In the beginning, they looked into various groups, including mammals, birds, reptiles, and amphibians, before realising that the death toll amongst frogs, toads, snakes and lizards was indeed tremendous, yet overlooked. Their findings were recently published in the peer-reviewed scholarly journal Nature Conservation.
"To our surprise, the death toll within that 64-kilometre stretch of the highway was indeed dramatic. We estimated that it has been over 6000 animals that have fallen under the wheels of motor vehicles within a single year. Prior to our study, similar research had focused on big charismatic species like the tiger, elephant and rhino, so when we took into account also the smaller animals: frogs, toads, snakes and lizards, the count went through the roof. Thus, we decided to make smaller species the focus of our work," comments Sur.

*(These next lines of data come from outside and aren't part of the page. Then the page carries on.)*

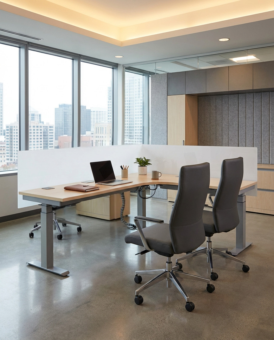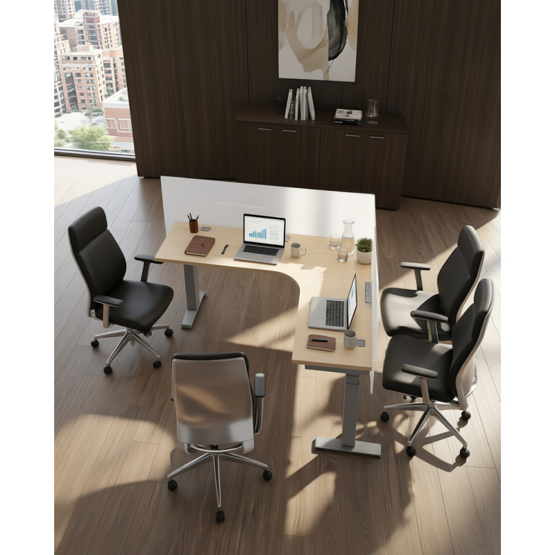 Esta mesa operativa en L con elevación eléctrica está pensada para crear un puesto de trabajo amplio, cómodo y preparado para las necesidades actuales de oficina. Su estructura incorpora una base de 3 patas T metálicas en acabado gris, que aporta estabilidad, resistencia y una imagen profesional para un uso intensivo.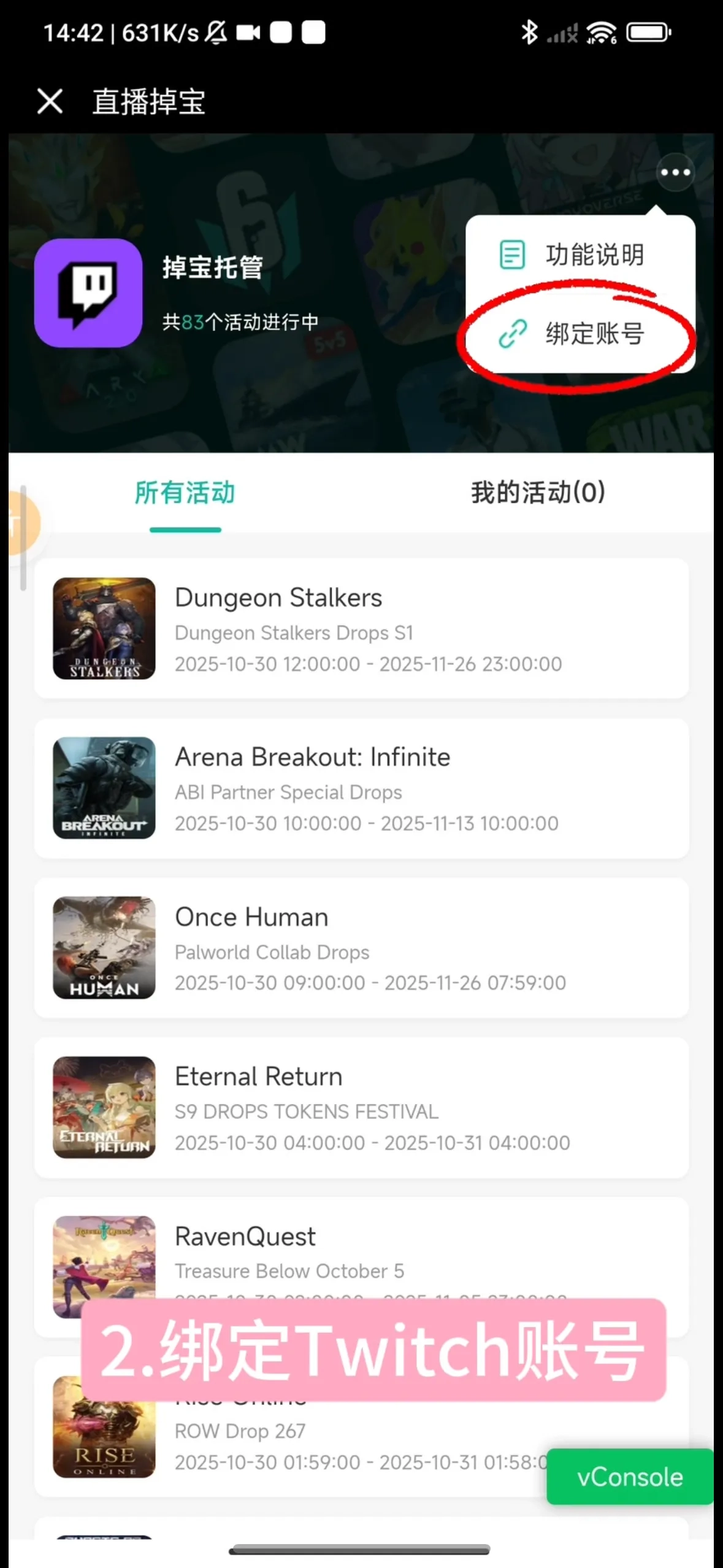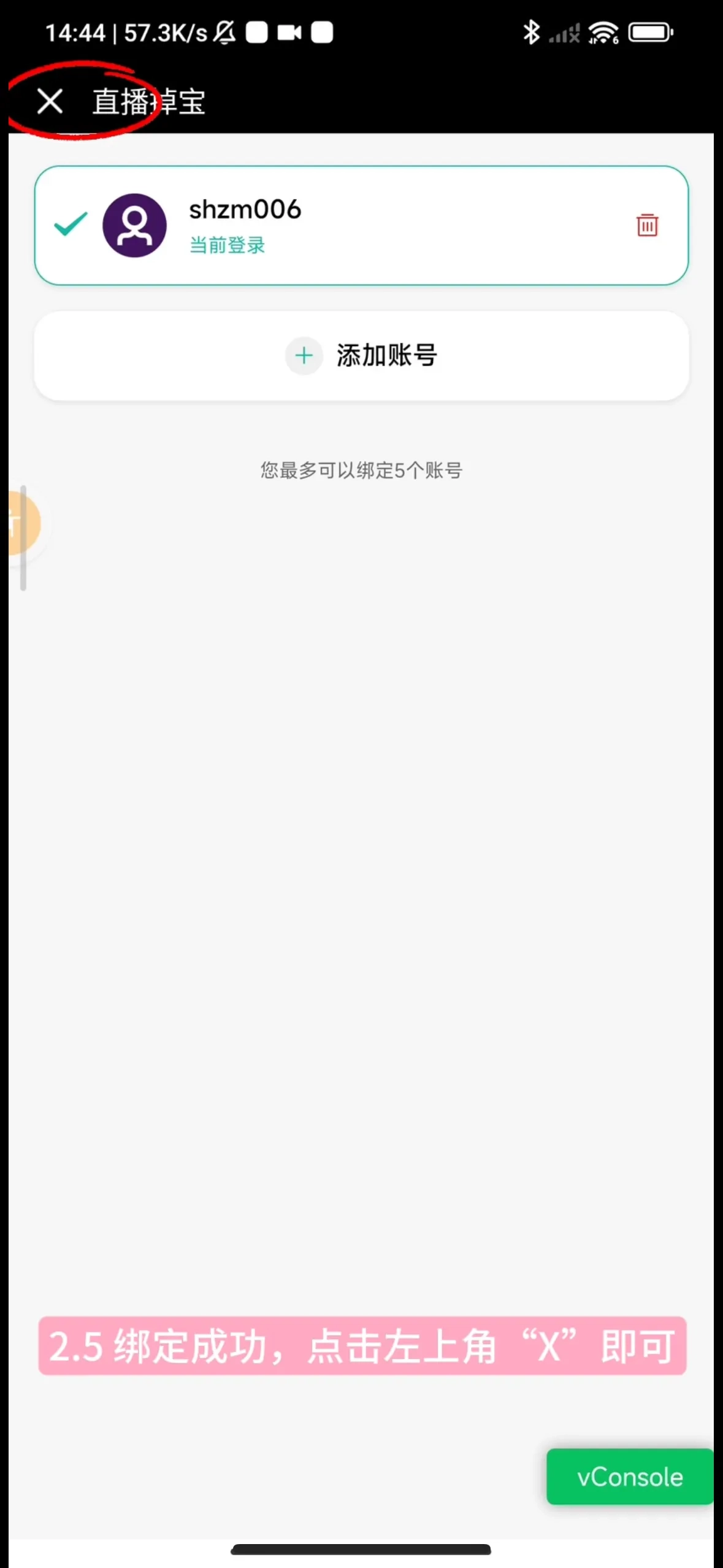 7. 成功绑定Twitch账号后,点击左上角的“X”按钮进行托管操作。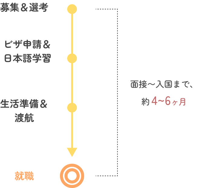 煩雑な連絡調整や手続きのサポートは、すべてRKIにお任せください。制度の理解が必要な書類作成や入国に向けた調整など、施設長様の手を煩わせる実務は弊社が主導して進めます。「採用の窓口」として一括して対応しますので、本来の施設運営に専念していただける環境を整えます。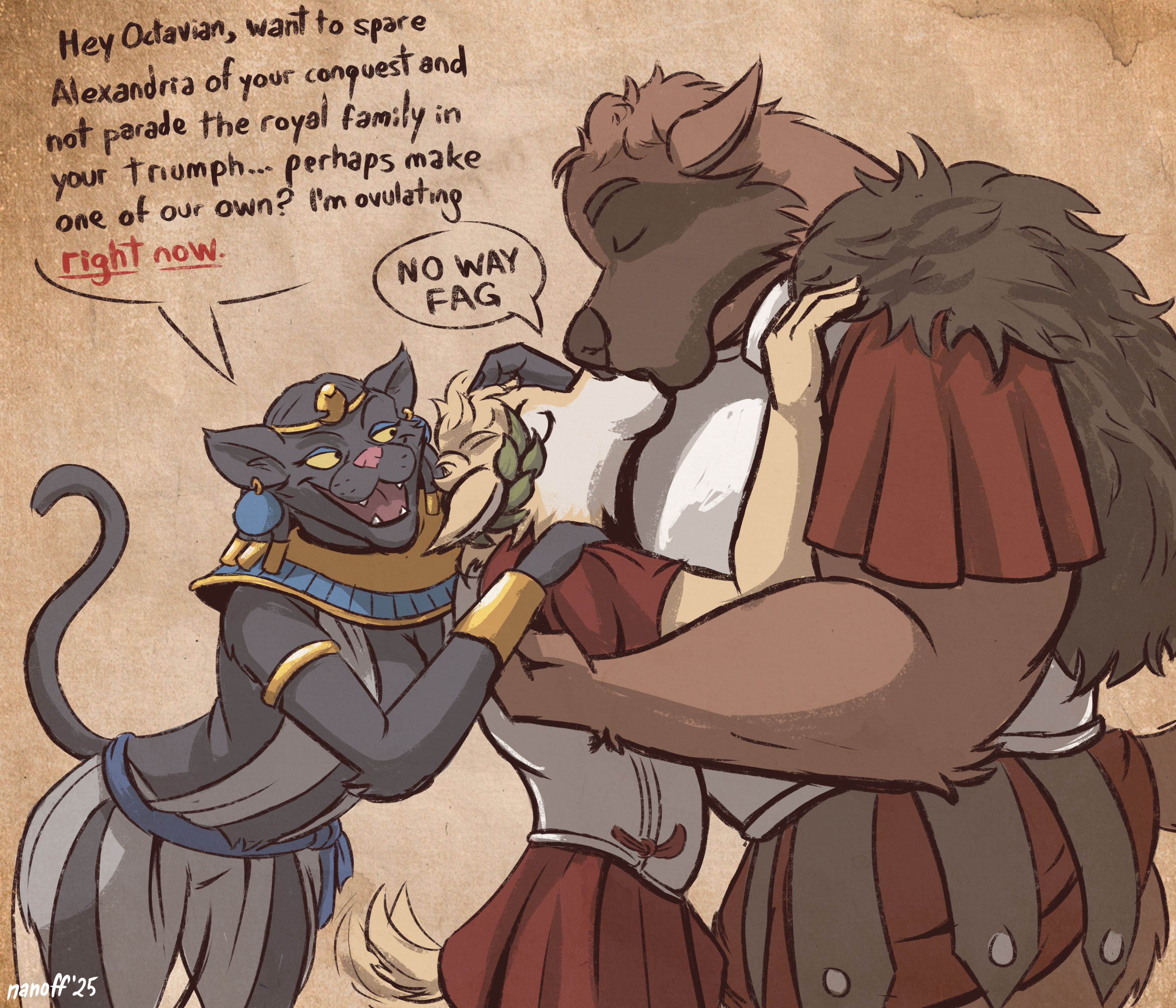 Постим фурей в первобытно-общинном, древнеегипетском, античном, мезоамериканском, аборигенском и прочем древне и не только историческом антураже. К разврату и наготе ИТТ относимся терпимо - что естественно, то не безобразно. Представителей культурного европейского/арабского/азиатского Средневековья и Ренессанса, а также любителей фентези приглашаем в дружественный тред >>197742 (OP)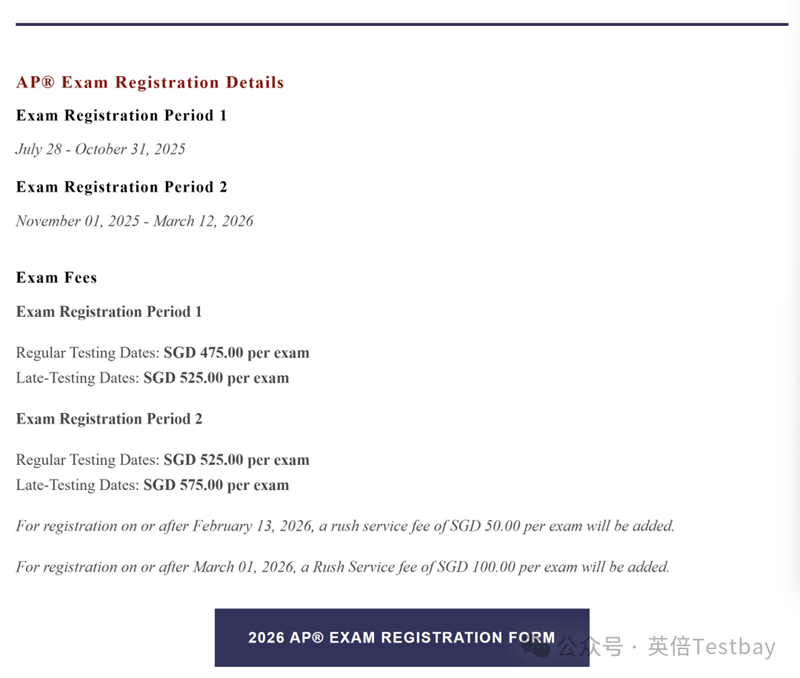 新加坡USEIC考评局2026年AP考试第二轮报名通道已开启! 备战2026年AP的考生和家长们看过来,作为最早开放的社会考生考区之一,新加坡是许多非AP校学生的首选。今天倍倍带来USEIC新加坡考区最全报名指南,带你抢占先机!

In conclusion, the scientists agree that roads and highways cannot be abandoned or prevented from construction and expansion, as they are crucial in connecting people and transporting goods and necessities.
"Yet, we can definitely put some effort into designing and constructing them in a scientifically sound, eco-friendly and sustainable manner, so that they don't become the bane for our ecosystems," the team concludes.